Fernando Lara: Um professor de culinária entrevistado acredita que, ao cozinhar, o homem inconscientemente busca uma capacidade, até então, exclusiva das mulheres: amamentar, alimentar, prover comida (e por que não vida?) a outras pessoas. O que o Sr. acha disso?

Luiz Cuschnir: Acho que não é tão inconsciente assim. Já tem espaço na consciência masculina para tais atos, ou experiências que antigamente eram consideradas tipicamente femininas em nossa cultura.
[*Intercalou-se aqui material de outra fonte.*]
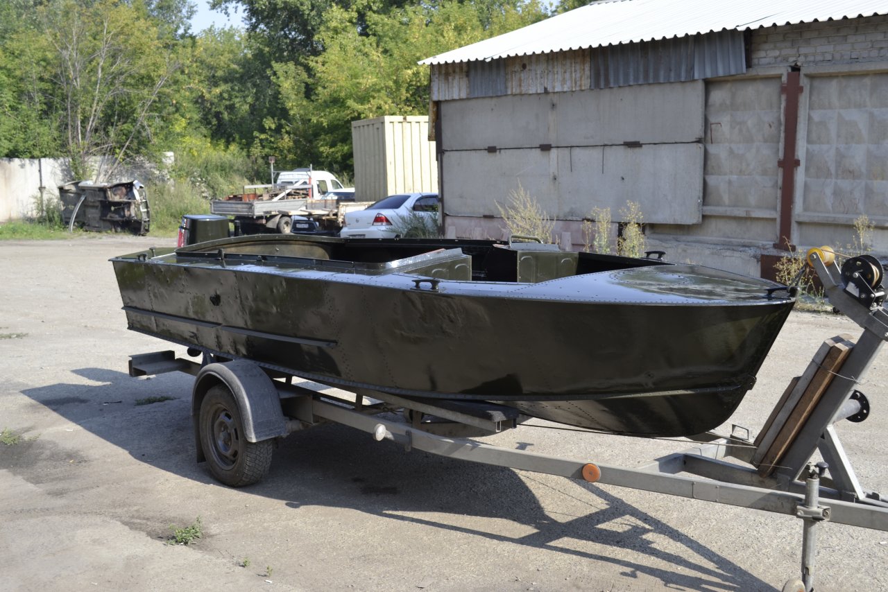 Охотничье-рыболовный вариант цвета тёмного хаки. Корпус лодки в отличном состоянии. Изготовлен ровный пол от носа до кормы и борта из фанеры влагостойкой 9 мм. В носовой части сделано еще одно удобное место для пассажира. Проход через торпеду из основного кокпита в носовую часть лодки. Транец состоит из 2*22мм влагостойкой фанеры во весь борт транца итого толщина транца 44 мм можно повесить мощный мотор. Установлены поддерживающие шпильки 12 мм от транца к усиленой переборке кокпита, которая состоит из листа 22 мм влагостойкой фанеры. Дополнительно изготовлен самоотливной рецесс.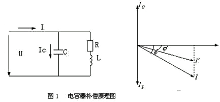 電力系統中的負載大部分是感性的,因此總電流將滯后電壓一個角度,如圖1所示,將并聯電容器與負載并聯,則電容器的電流將抵消一部分電感電流,從而使總電流減小,功率因數將提高。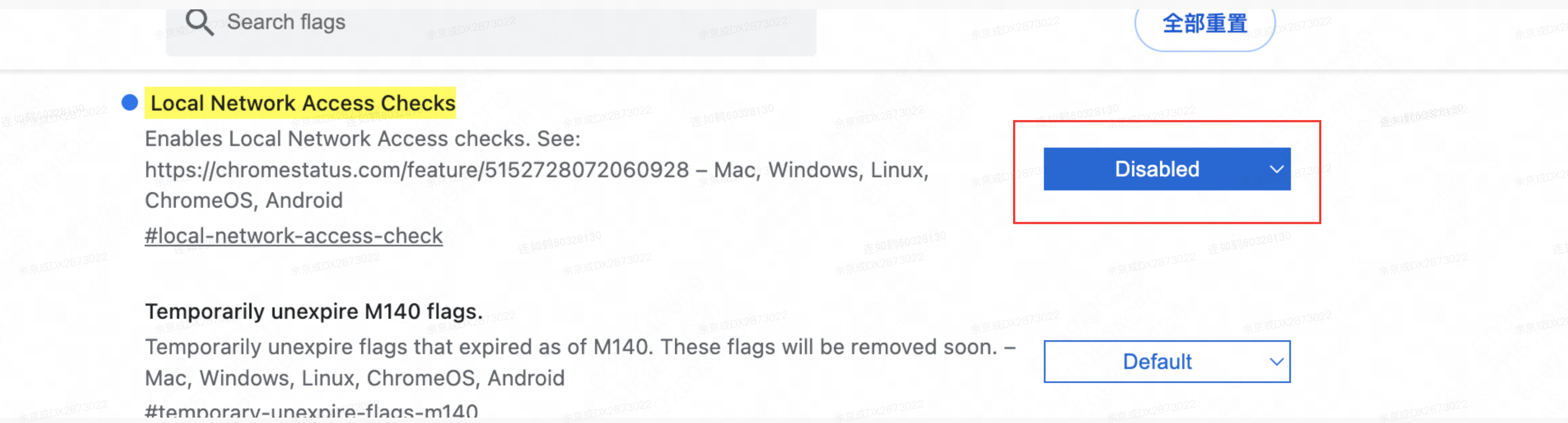 c. 在浏览器地址栏输入:chrome://flags/#local-network-access-check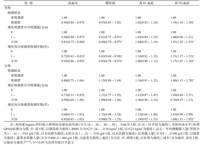 3.吸烟人群与多种慢性病患病关系:多因素分析结果显示,男性吸烟者高血压患病风险比非吸烟人群低10%;吸烟人群不同亚组中也发现高血压患病风险较非吸烟者有所降低。男性现在吸烟者和现在每日吸烟者糖尿病患病风险也低于非吸烟者。男性吸烟者患高TG血症风险比非吸烟者高19%。其中,现在日均吸烟≥20支男性高TG血症患病风险比非吸烟者高41%(表 3)。未发现女性吸烟与高血压、糖尿病及高TC血症患病风险间存在显著关联(表 3)。女性吸烟者比非吸烟者高TG血症患病风险高40%;其中,每日吸烟≥20年比非吸烟女性患病风险高60%。见表 3。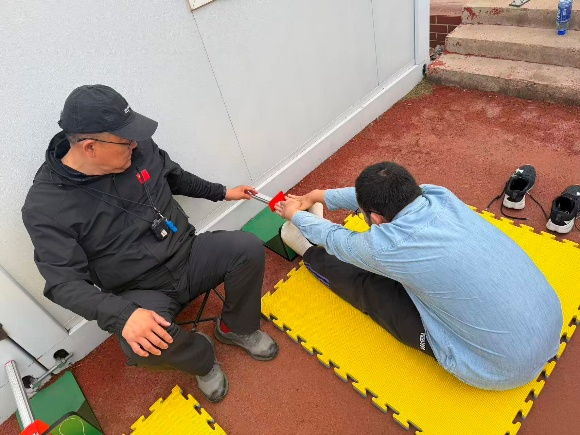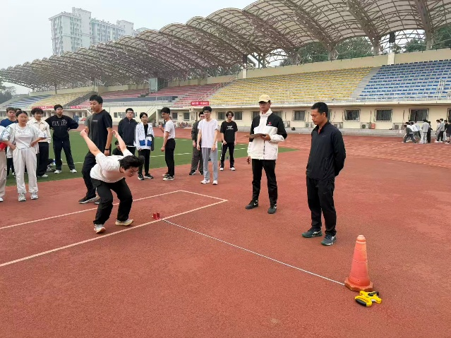 测试现场组织严密,秩序井然。体育学院全体教师提前到岗,引导学生充分热身,详细讲解测试规范和安全注意事项。监考教师团队规范操作、精准记录,实时采集各项测试数据,确保测试结果的客观、公正、准确。校医院医疗保障人员随时待命,全程关注学生状态,确保每一位学生都能在安全、有序的环境中完成测试。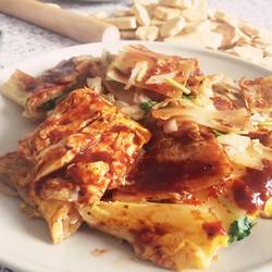 7.After the eggs have set slightly, turn the cold noodles over and sprinkle with coriander and onions.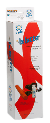 Be Better hand and wrist rehabilitation kit is perfect for home exercise programs and individual patient use. Be Better kit combines CanDo exercise products to increase strength, and ColdSpot pain relieving roll-on to increase comfort, along with an illustrated instruction pamphlet. Kit includes red light strength 4-foot CanDo tubing with handles exerciser. CanDo high quality latex resistive exercise tubing has been used in clinics for rehabilitation, conditioning and training since 1984. It has become a well known staple of many physical therapy programs. CanDo exercise tubing is an economic solution for upper and lower body exercise. Lightweight, compact and portable. Durable. Effective when used alone, or with handles and anchors. CanDo low powder exercise tubing is made of natural rubber latex, which may cause allergic reactions. For those with latex sensitivities, there are latex-free alternative offerings of CanDo exercise tubing. Kit also includes door anchor accessory to facilitate tubing exercises described in the pamphlet. Kit also includes red light strength Twist-n-Bend exercise bar. Kit also includes 3 ounce roll-on bottle of ColdSpot topical analgesic lotion. Point Relief ColdSpot topical analgesic roll-on offers fast-acting, soothing, temporary relief of minor aches and pains of muscles and joints associated with simple backache, arthritis, bruises, strains and sprains. Water-based formula minimizes grease and residue. All natural ingredients including menthol, MSM, ilex, and arnica. Has refreshing Peppermint scent.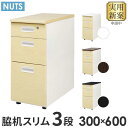 ワゴン オフィスワゴン 3段ワゴン キャビネット スチール 引出し脇机 3段 本体ホワイト 木目 スリム 幅300×奥行600mm 袖机 デスクワゴン 幅30cm サイドワゴン サイドキャビネット サイドデスク 鍵付き おしゃれ LD-WD3S-C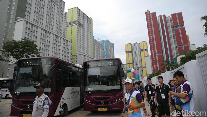 Koper-koper jumbo dan bus-bus menjadi pemandangan pada Jumat (9/2). Saat detikSport berada di area tersebut, rombongan dari Hong Kong baru saja tiba.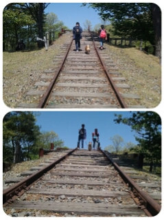 本物のレールの上、なかなか歩く機会がないので、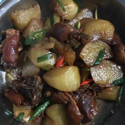 5.After 40 minutes, add the radish and simmer for another 30 minutes, and finally add the green onion together.Red pepper, garlic, rock sugar, salt, reduce the juice over high heat and serve on a plate
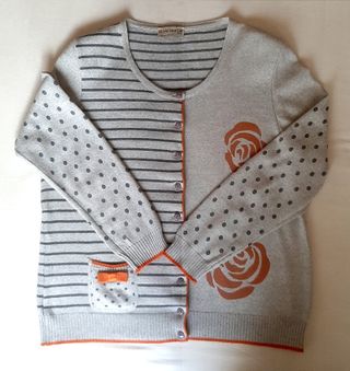 Conjunto de jersey manga corta y chaqueta manga larga con hombreras de la firma Olga Santoni. Color gris con detalles en naranja. Estampado combinado en rayas, lunares y flores. 45 cm de hombro a hombro. 65 cm de largo.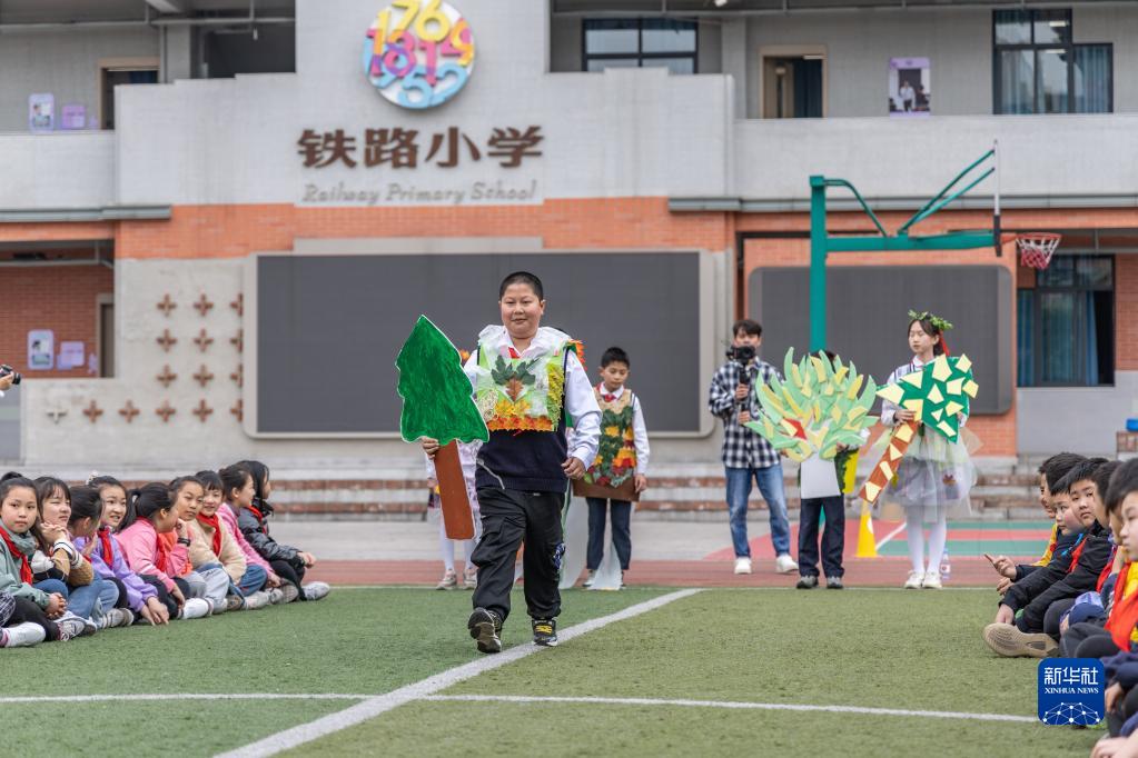 当日,为迎接3月12日“植树节”,重庆市九龙坡区铁路小学组织师生举办“我为世界添片绿”植树节环保系列服装设计展示活动。40余名学生在学校老师和美术义工的指导下,收集身边各种可以利用的废弃物,发挥想象力,制作成环保服装,倡导植绿、爱绿、护绿的生态理念和绿色生活方式。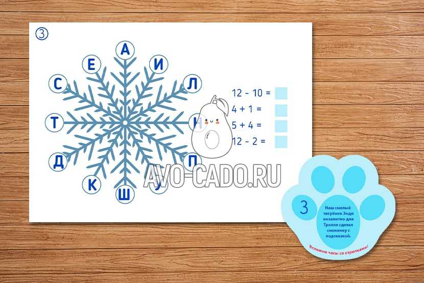 Снежинка с буквами на концах лучиков и примеры. Ребенок решает примеры и ищет нужную букву на снежинке.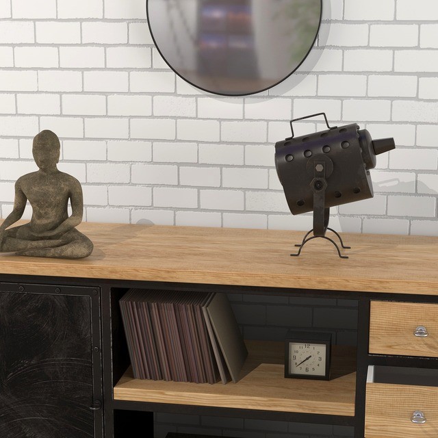 Прямоугольная тумба на ножках из темно-шоколадного дерева со светло-коричневой столешницей, полками и фасадами ящиков светло-коричневого цвета. Справа достаточно широкая дверца, слева четыре ящика, один из которых наполовину выдвинут. На полках стоят часы-будильник квадратной формы, светло-серый ящичек для инструмента и стопка коричневых папок. Слева на тумбочке глиняная фигура сидящего брахмана или будды. Над тумбочкой висит круглое зеркало. Модель детальная, качественная, с текстурами.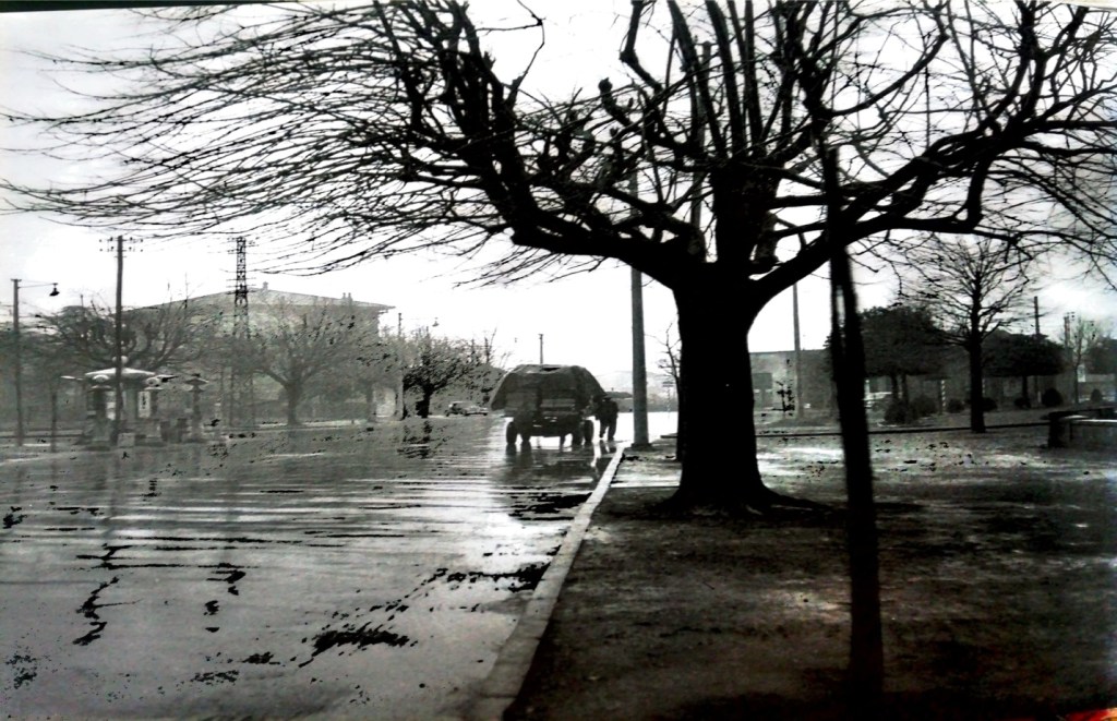 There is a picture of an overloaded horse carriage outside Porta San Pietro along Viale San Concordio on a rainy day in 1948, three years after the war. Barely visible is the image of a man walking in front of his carriage alongside the horse, holding an umbrella, all his belongings, all that is dear to him is behind him on the carriage. Looking at this particular photograph we experience the real texture of time. Time compels us to move on, further on; for the moment will arrive when you must part from a certain place forever and there is no turning back. Listen to the voice of the Palestinian poet Mahmoud Darwish: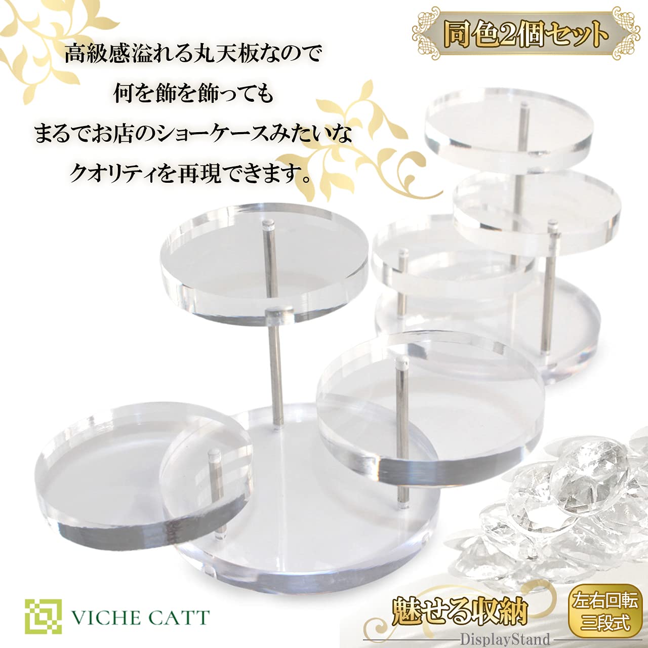丈夫なアクリル素材で出来た便利な三層回転式ジュエリースタンドです。 すでに組み立てられた状態でおうちに届くので、あとは飾りたい場所にセッティングするだけでご使用いただけます。 つややかなアクリル板を使用しているのでアクセサリーなどの装飾品はもちろんのこと、フィギュアやちょっとした小物も置くだけで高級感漂う雰囲気でディスプレイすることが出来ます。 お手入れも簡単なので、埃が付いたらサッと一拭き。水洗いも可能です。 実際にお店での展示ツールとしてもご使用いただけ、撮影用にも重宝できる立体的なデザインになっております。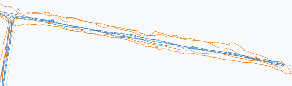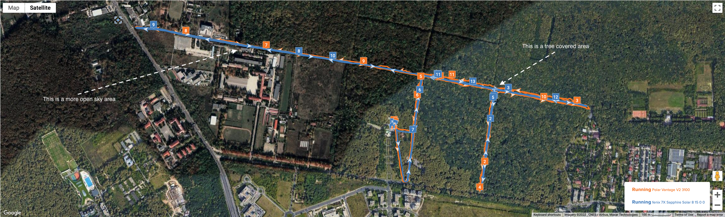 My track has two sides – the left side is more open sky whereas the right side is under the tree cover – that makes a difference when you zoom into those areas – on the left side, the difference is not consistent, it might be interpreted as being the result I worn the watches on different arms; on the right side, the difference is more clear – Fenix 7X with dual-frequency dual band GNSS is able to keep the straight line and Vantage V2 wonders around during both passes through that zone.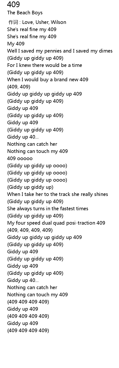 | [00:34.20] | Giddy up giddy up giddy up 409 |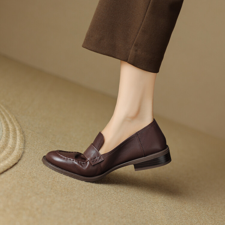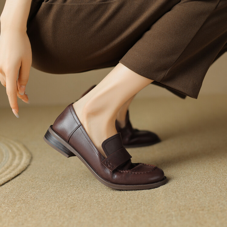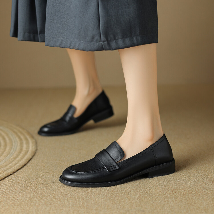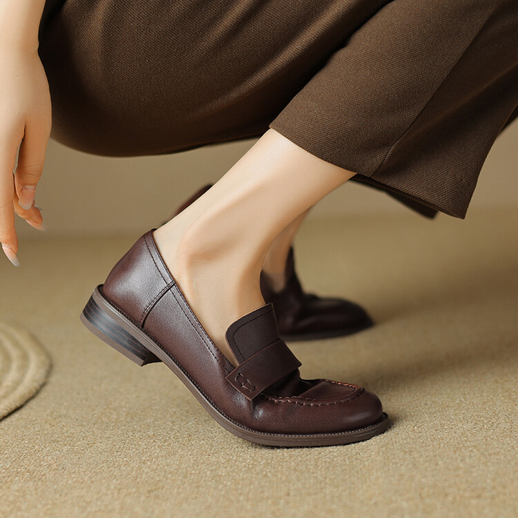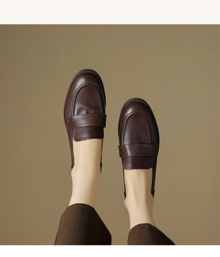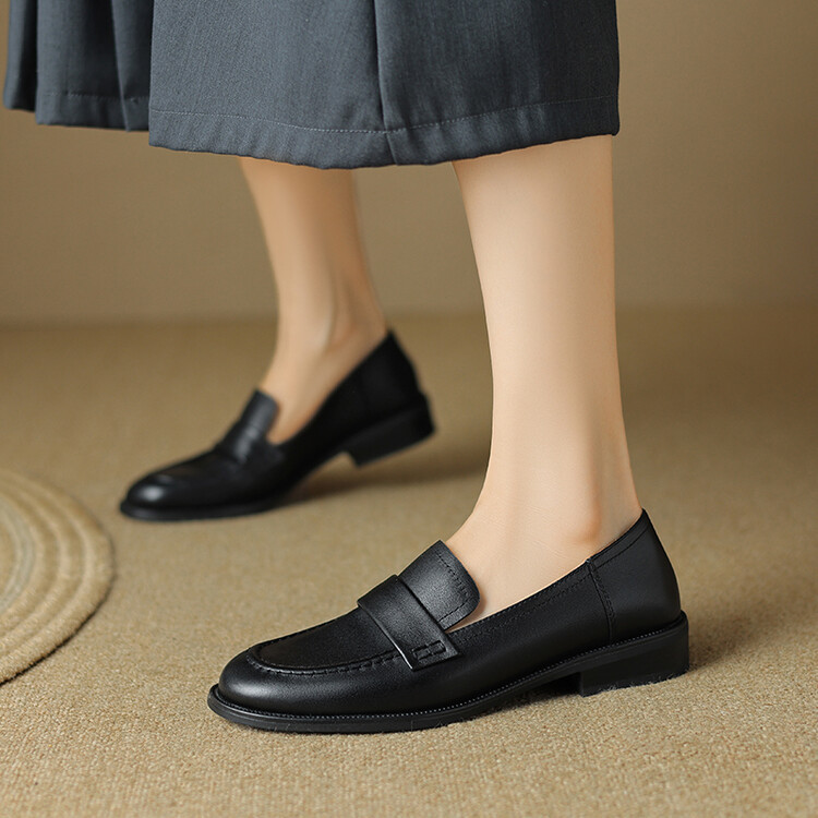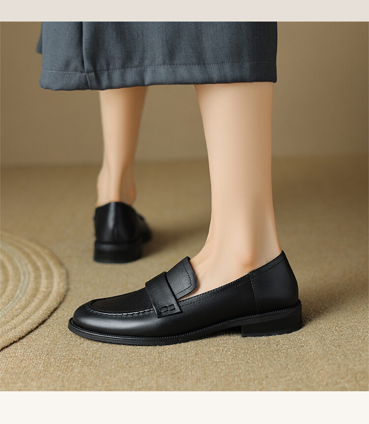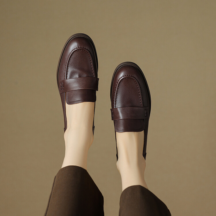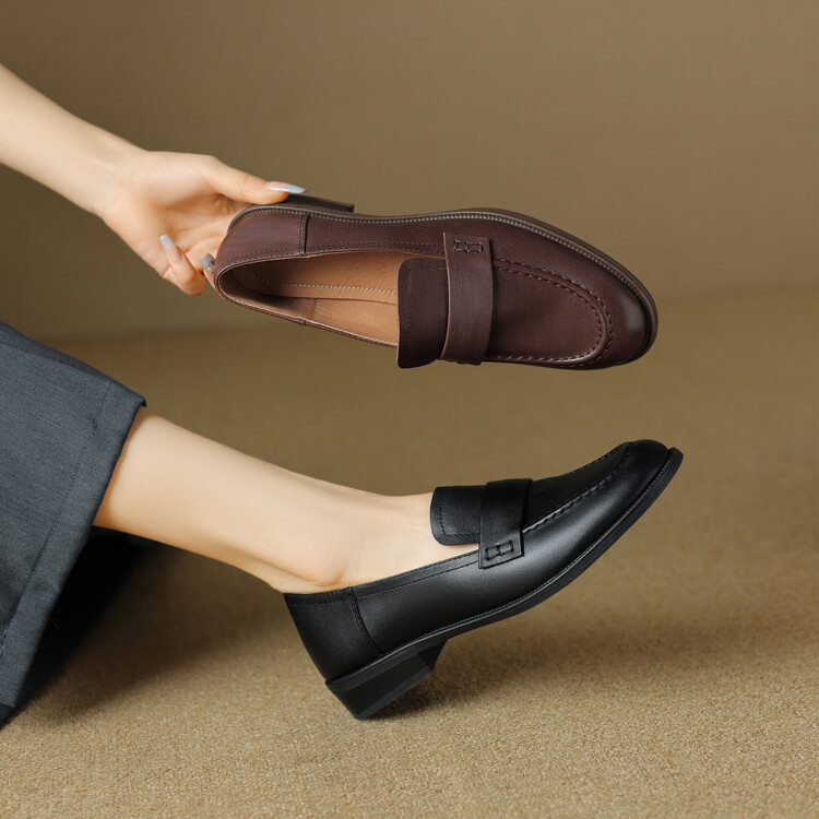 봄과 가을 새로운 패션 부드러운 바닥 로퍼 여성 영국 스타일 2024 새로운 라운드 토 청키 힐 캐주얼 가죽 신발 단층 신발스토어 가기

O homem está descobrindo prazer em alimentar sua família, em prover vida como você disse. Não há nada de errado com isso, é uma ampliação das capacidades masculinas de prover amor e se auto cuidar.

Fernando Lara: Através das primeiras entrevistas, tem sido possível perceber que o homem só cozinha em ocasiões especiais, por hobby, prepara pratos sofisticados e não gosta de lavar os pratos. Além disso, não “limita” o sabor de seus pratos tentando buscar uma alimentação mais saudável – usa quantidades maiores de ingredientes “perigosos” do que as mulheres. é possível afirmar, à partir dessas constatações, que a relação do homem com a culinária é pautada pela busca do prazer?

Luiz Cuschnir: A relação do ser humano com a vida é uma eterna busca do prazer. Como já citei em respostas anteriores, o homem na culinária não está buscando imitar a mulher, mas sim se expressar e ampliar seus campos de atuação. Por isso, não espere que os homens sigam os padrões culinários femininos, eles irão fazer as receitas ao seu próprio modo. Comidas com temperos e níveis de gordura que lhes sejam agradáveis. No entanto o “novo homem” também se preocupa com a sua saúde e aparência física, o que lhe dá condições de balancear de uma forma adequada os diversos elementos da culinária.